RICHMOND, VA news – Gray and Howarth are part of a booming demographic colloquially dubbed the grey tsunami. According to Statistics Canada, in 2011 Richmond’s seniors population – those over the age of 65 – was 26,000, representing about 14 per cent of the population. In 10 years, that rate should be about one quarter as baby boomers reach retirement age. By 2040, roughly half the population will be over age 55.

The ‘Grey Tsunami’ is a major factor in considering the health and future of the local church. I am working with a church of 370 people. 47% of them are over the age of 70. 15% of them are over the age of 90! Only 15% are 30 or under.

The implications of this are obvious to anyone with even modest intelligence.
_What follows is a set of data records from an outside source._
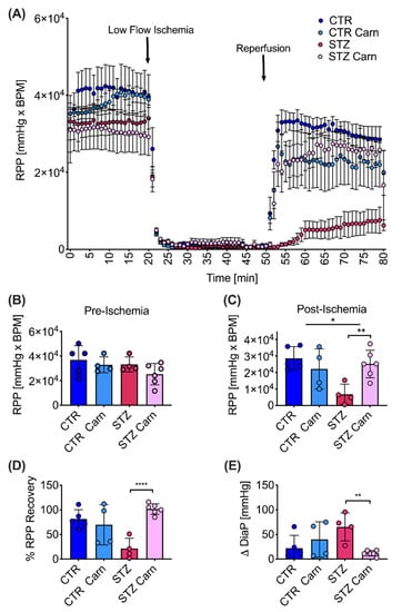 Carnitine rescues cardiac function in diabetes after low-flow ischemia in Langendorff perfused hearts. (A) Rate pressure product (RRP) over time: pre-ischemia (t = 1:20 min), low flow ischemia (t = 21:50 min), post ischemia (t = 51:80 min). (B) Rate pressure product (RRP) pre-ischemia. (C) Rate pressure product (RRP) post-ischemia. (D) Percentage recovery between pre-ischemia (t = 10:20 min) and post-ischemia (t = 70:80 min). (E) Difference between post-ischemia and pre-ischemic diastolic pressure (∆DiaP). Diastolic pressure was set during pre-ischemia to 4–8 mmHg. Data are presented as mean ± SD. Two-way ANOVA, if an interaction was found to be significant, the effect of L-carnitine on control and diabetes was evaluated using Sidak’s multiple comparison test. Significant differences are represented by ‘*’, with * p < 0.05, ** p < 0.01, **** p < 0.0001.
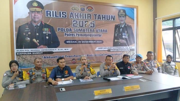 PEMATANG SIANTAR, SUARASUMUTONLINE.ID -Polres Pematangsiantar menangani 1.252 kasus sepanjang tahun 2025, naik beberapa persen dibandingkan tahun 2024 yang hanya 1.130 kasus. Dari jumlah ini, terjadi penurunan kasus konvensional sebanyak 3,5 persen, namun untuk kasus transrasional mengalami kenaikan sebanyak 34,7 persen.
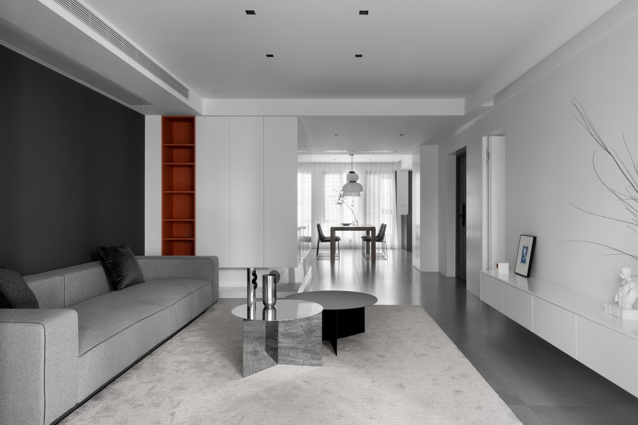 灰与白之间的搭配,呈现出极简中带有些高调。
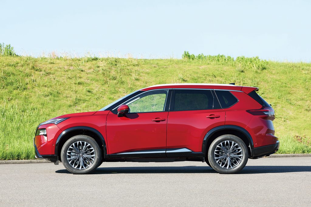 SUVのタフネスとPHEVの先進プレミアム感を演出した外観はミドルSUVでも独特な存在感を示す。3列シートを設定することもあって車体サイズは比較車の中では最も大きく、ホイールベースこそエクストレイルと共通だが、全長は4.7mを超えている。さらに押し出しの強いフロントマスクもあって、見た目のサイズ感もクラス上の印象を受ける。
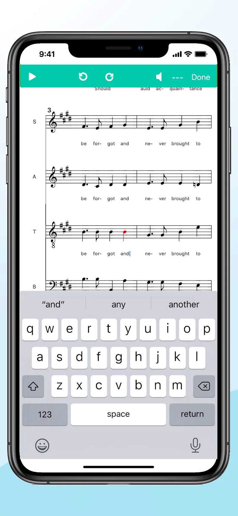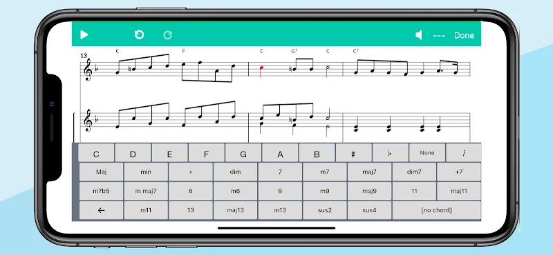- Эффективный ввод нот: Приложение использует простую сенсорную клавиатуру для ввода нот и простых аккордов на вашем мобильном устройстве. Эти оценки сохраняются приложением, чтобы вы могли просматривать свои усилия.
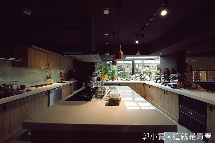 後方超大的開放式廚房空間也非常的美,窗戶外面還有植栽,打掃得非常乾淨,烹煮時的香味會飄散滿屋,讓人整個食慾大開。 |
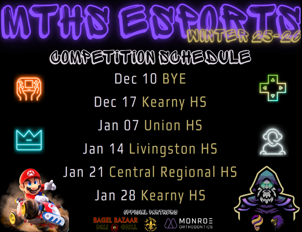 This Winter, participating students will be competing in the Garden State eSports (GSE) Winter Contender Season with Mario Kart 8, and students will have opportunities to compete against other local New Jersey school districts. All sessions will be held after school at the MTHS from 3:00 PM – 5:00 PM, and students will need transportation to and from school.
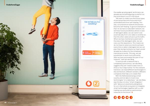 With the Netherlands being a small country and not able to invent new technologies “ on a daily basis ,” van den Berg says the key is to be a “ smart integrator ,” with “ data as an essential building block for us in that whole ecosystem to integrate smart technologies together with us , and making sure we build our autonomous networks for the future ”. vodafoneziggo . nl 41
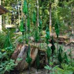 Aus gebrauchten Flaschen hat die Künstlerin Alexandra Gehr aus Deuerling im Schmelzverfahren neue Objekte geformt. Ihr Werk heißt „Sporophyten“. Jedes ist für sich individuell und einzigartig. Aus der vom Menschen gegebenen technischen Form wird eine organische. Die Objekte sind wie übergroße Sporophyten auf Metallstäben arrangiert. Das Metall entwickelt im Laufe der Zeit Rost, was jedoch erwünscht ist. Die Künstlerin erklärt, der Mensch greift unvermeidbar in die Natur ein. Selbst eine rücksichtsvolle Gartengestaltung verändert den natürlichen Bewuchs und die organischen Prozesse von Werden und Vergehen. Dennoch und gerade deswegen kann die Kunst dabei helfen, Wertschätzung für die Wunder der Natur zu entwickeln, damit auch bestehende Ökosysteme respektiert und erhalten werden.
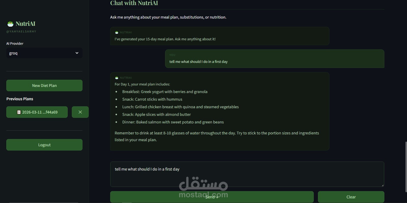 دردشة تفاعلية - طرح أسئلة متابعة حول خطة وجباتك مع حفظ كامل للمحادثة
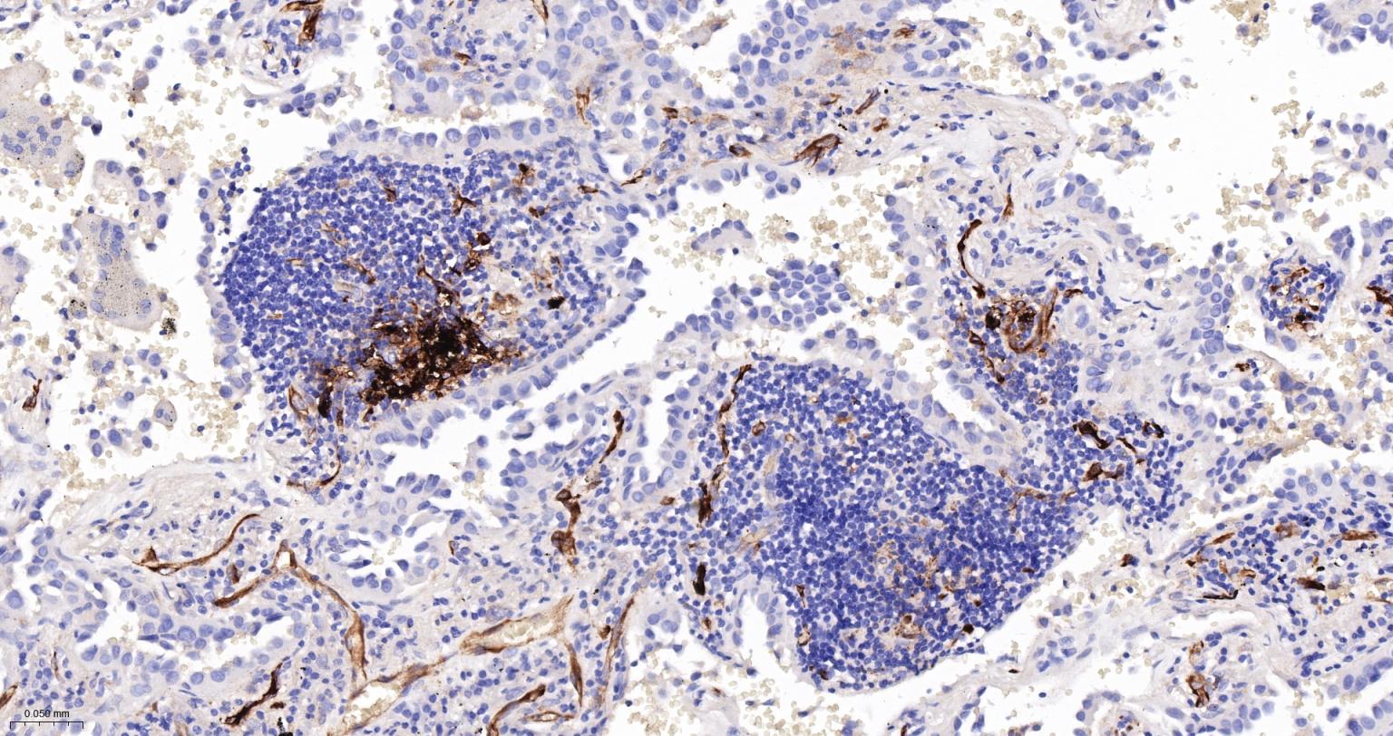 Paraformaldehyde-fixed, paraffin embedded Human Tonsil; Antigen retrieval by boiling in sodium citrate buffer (pH6.0) for 15 min; The section was incubated with FSCN1 Monoclonal Antibody, Unconjugated (bsm-61626R) at 1:200 overnight at 4°C, followed by conjugation to the bs-0295G-HRP and DAB (C-0010) staining.
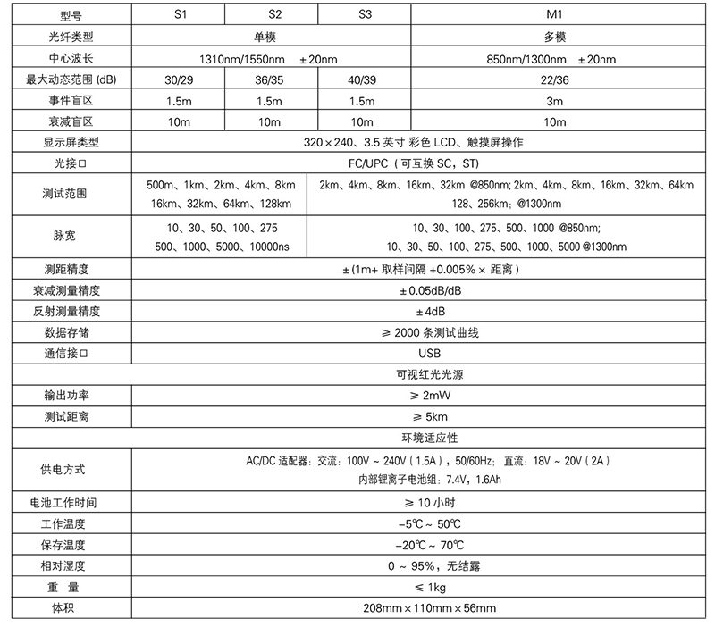 一、概述: 该产品是我司针对光纤通信系统测试而设计的新一代、智能化光纤测量仪器。本产品主要用于测量各类光纤、光缆的长度、损耗、接续质量等参数;能够迅速对光纤链路中的事件点、故障点准确定位。可广泛应用于光纤通信系统的工程施工、维护测试及紧急抢修;光纤、光缆的研制与生产测量等。无论是在光纤网络建设的安装施工,还是后续快速、高效的维护和故障排查测试,本产品均可以为您提供最高性能的解决方案。 本产品外观新颖;具有OTDR业内最简洁的界面,操作直观;在手持式同类产品中,按键加触摸屏双重操作模式,极大地简化了用户的使用;独具的一键式分析,快速获得测试结果,事件以列表形式显示于主界面,相关信息包括:事件类型、事件位置、损耗、反射、事件点间衰减、总损耗等。 二、主要技术指标:
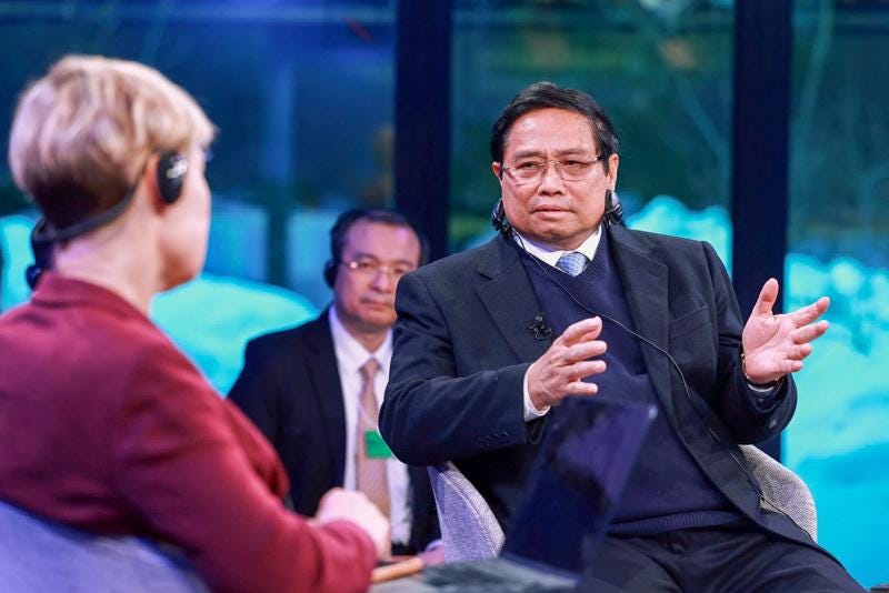 Chiều 21/1 (giờ địa phương), Thủ tướng Chính phủ Phạm Minh Chính đã tham dự và phát biểu, đối thoại tại Phiên Đối thoại chính sách đặc biệt "Bứt phá tới tương lai: Tầm nhìn của Việt Nam về đổi mới sáng tạo và vai trò toàn cầu" trong khuôn khổ Hội nghị Diễn đàn Kinh tế Thế giới (WEF) Davos năm 2025.
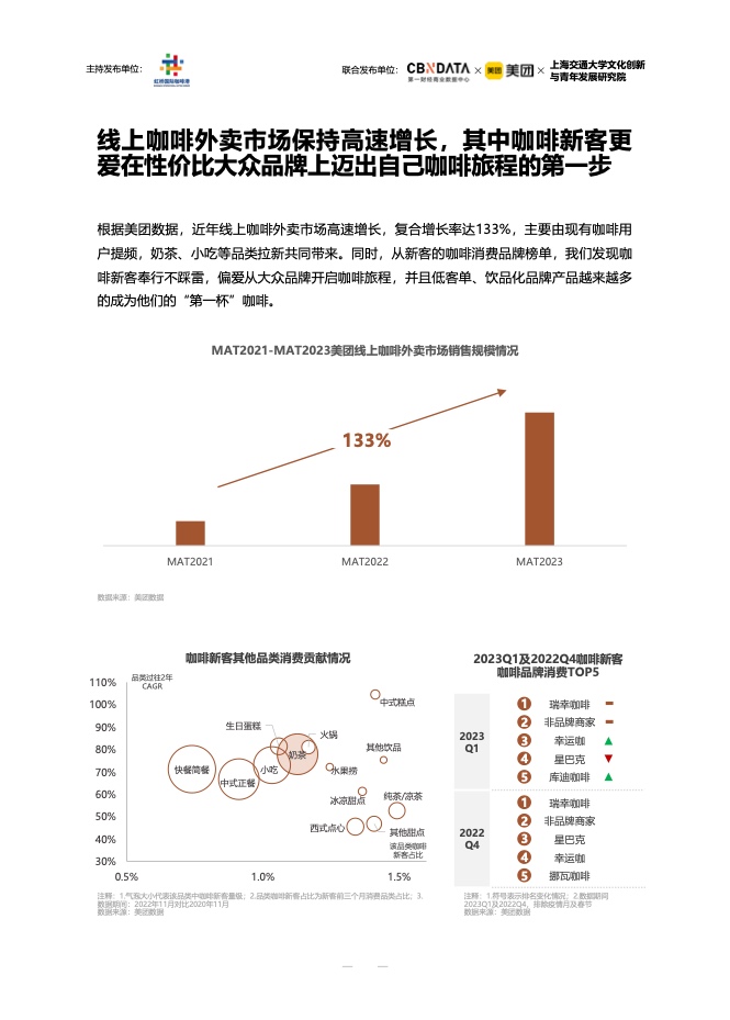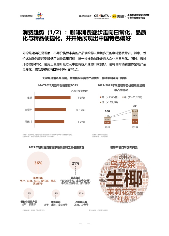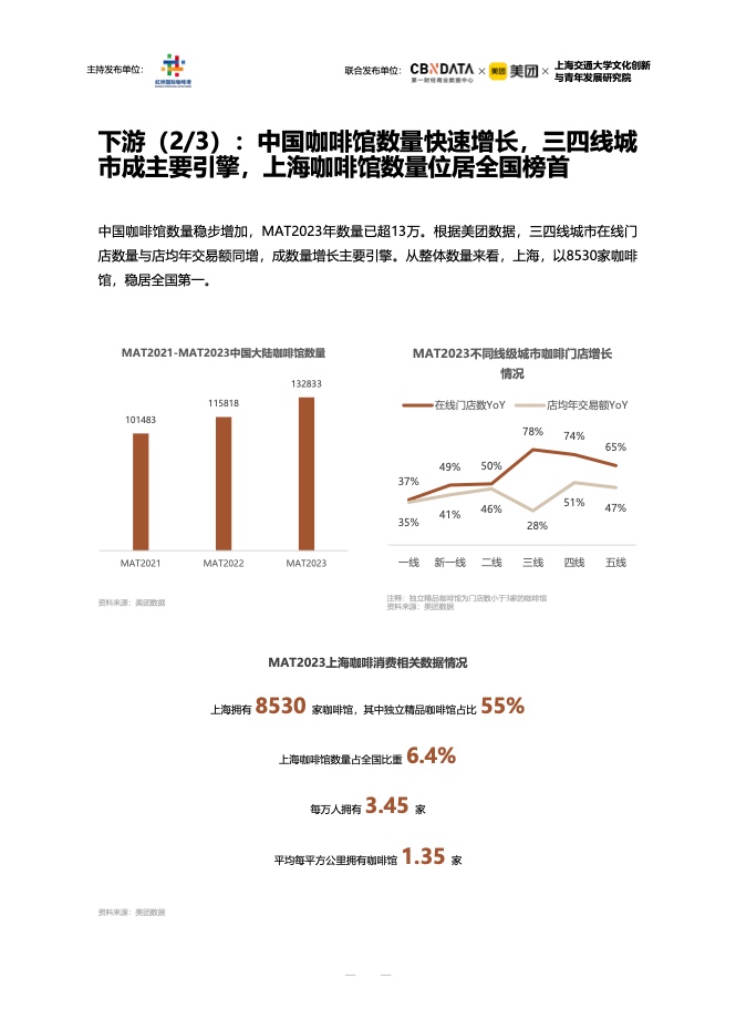 从现磨的咖啡店到连锁咖啡馆,不同类型的咖啡店各有优势,正逐渐占据人们的生活。尤其是连锁咖啡馆,随着门店数量的不断增加,成为消费者接触网络的主力军,进一步推动了整体咖啡市场的扩大。与此同时,社交媒体平台正在成为新一代消费者分享青春生活方式的核心阵地,咖啡相关内容的热度也在逐渐上升,不同城市的咖啡文化也在不断融合交流。
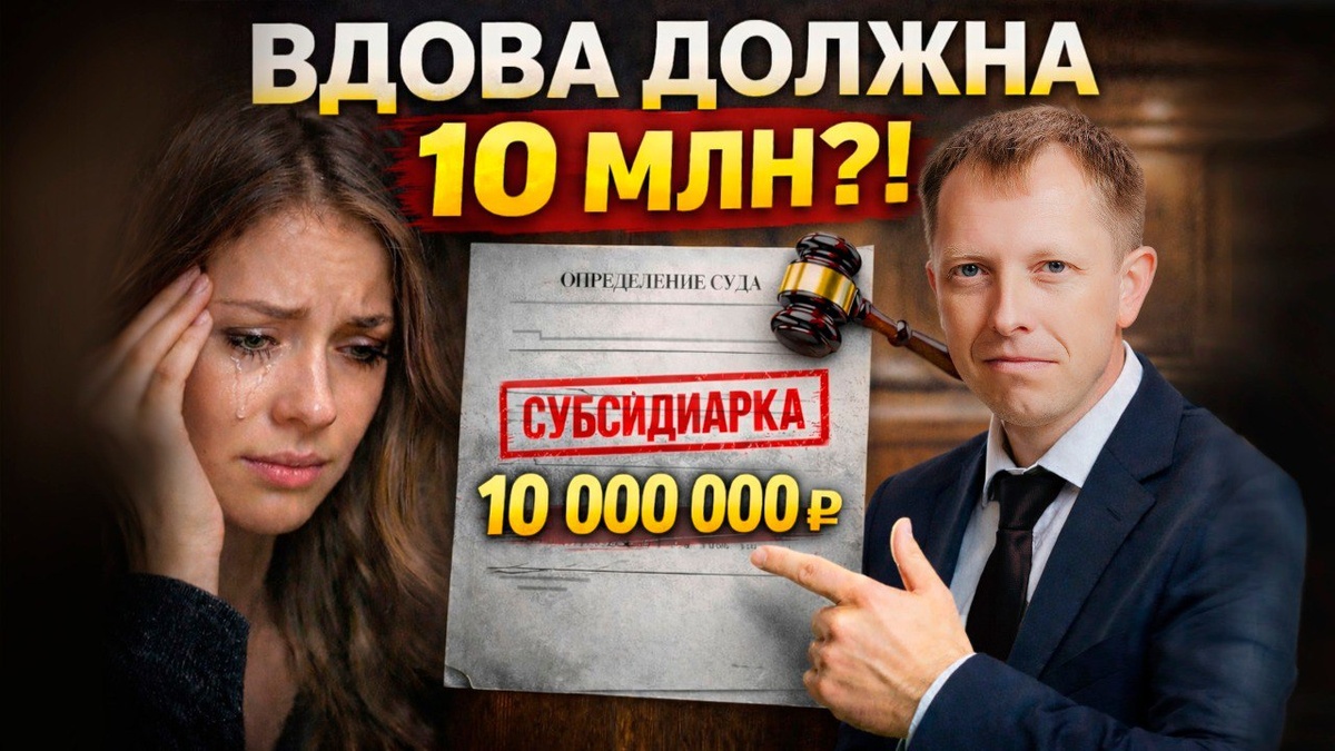 Привет, дорогие друзья. Сегодняшний выпуск о ситуации, где человеческая трагедия внезапно переходит в юридическую плоскость. К нам обратилась девушка, которая переживала тяжёлую утрату — похоронила мужа. Ей нужно было не только пережить эту боль, но и удержать семью: двое детей остались у неё на руках. Через какое-то время она получает письмо из суда. Суд привлёк её и покойного супруга к субсидиарной ответственности по долгам компании мужа на сумму более 10 млн рублей. При этом она жила обычной семейной жизнью и не вмешивалась в бизнес мужа: не управляла компанией, не вникала в отчёты, не общалась с контрагентами. А потом увидела в суде, что её считают причастной к банкротству компании покойного мужа. В этом выпуске я расскажу реальную историю нашей клиентки, которая оказалась в такой ситуации. Разберём, как нам удалось полностью снять с неё и с её покойного мужа долг более 10 млн рублей в апелляции. Когда клиент впервые пришла ко мне на консультацию, я понял, что это не просто дело с

But, churches deny this reality with impunity. Entire States, yea entire nations are alarmed and taking action to address the ramifications of this reality.

The church – not so much. The Median Age of the population of the United States is 39. The Median Age of the church in the United States is 58. The church will be swept away by the Grey Tsunami if they do not take immediate and significant steps to reach young people.

After all, isn’t that the mandate of the Great Commission in the first place?